An industry group that counts all of Wall Street’s major banks sent a letter to the Commodity Futures Trading Commission last week urging regulators to reconsider the allowance of Bitcoin futures trading. The letter insisted the quick approval process “did not allow for proper public transparency and input.” That’s certainly not to say that Wall Street banks are trying to do something good. If there’s money to be made down the line, you’ll see every one of these banks show that they’re more than willing to let investors take on an insane amount of risk, just like they did with real estate in 2008.
“Irrational exuberance” is the phrase being thrown around right now by a lot of people. It dates back to Alan Greenspan’s warnings about the incoming dot-com bubble in 1996. At the time the bubble burst, $1.755 trillion in value was wiped from internet stocks. Fred Wilson, co-founder of Union Square Ventures, survived the dot-com bubble and made a lot of money in tech. These days, his firm is one of the biggest investors in Coinbase, a popular bitcoin exchange. Wilson is a respected, no-nonsense kind of guy who’s bullish on cryptocurrencies. He’ll probably end up making money no matter what. And his reflections on the dot-com bubble are worth keeping in mind. “A friend of mine has a great line,” he once said. “‘Nothing important has ever been built without irrational exuberance.’” His point is that a lot of money was lost, and a lot of people were hurt when the bubble burst, but the bubble also invested in the infrastructure that allows us to enjoy the internet today. On Tuesday, Greenspan told CNBC that Bitcoin is “not a rational currency”—and he didn’t mean it solely as criticism. He seemed to hint at the same notion that Wilson was getting at: This is all just capitalism doing its thing.
Wilson’s outlook might prove cryptocurrency enthusiasts to be right. We could be laying the groundwork for the blockchain future, and it’s going to be messy along the way. If the history of capitalism is any indication, a few people are going to get very rich off of this, and a lot of people will suffer. There are currently an estimated 200 Bitcoin billionaires at the moment. That’s 200 more people that have the potential to hoard the world’s wealth. And when a reckoning comes, they’ll still end up being rich.

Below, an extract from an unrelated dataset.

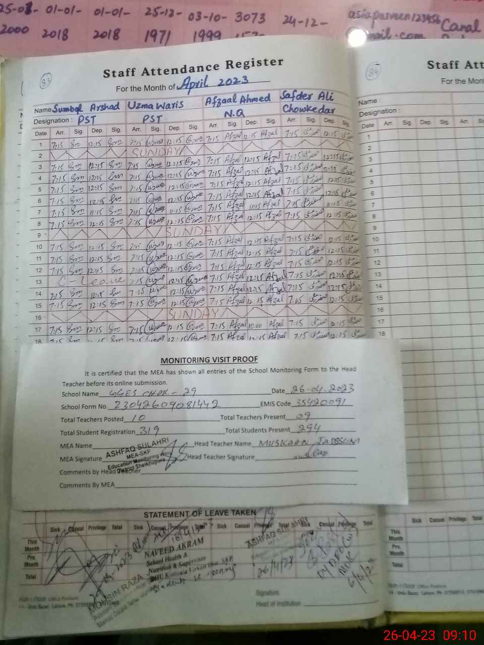 | Attendance Register | Head Teacher | MEA with School | Visit Proof |

Analysts are steadily beating the drum that a financial crisis is on its way. They go in cycles and we’re due for one. Right now, the world of finance is riding a big high, and setbacks are called “wobbles.” The consumer bureau that was set up to protect help prevent another crash is now run by a guy working to destroy it. Regulations help prevent wobbles from becoming crashes, and the White House is doing its best to kill as many of them as possible. Throwing Bitcoin into this environment seems like a bad move. I’d warn you not to invest in cryptocurrency because you’ll probably get screwed. But, unfortunately, you might get screwed by it anyway.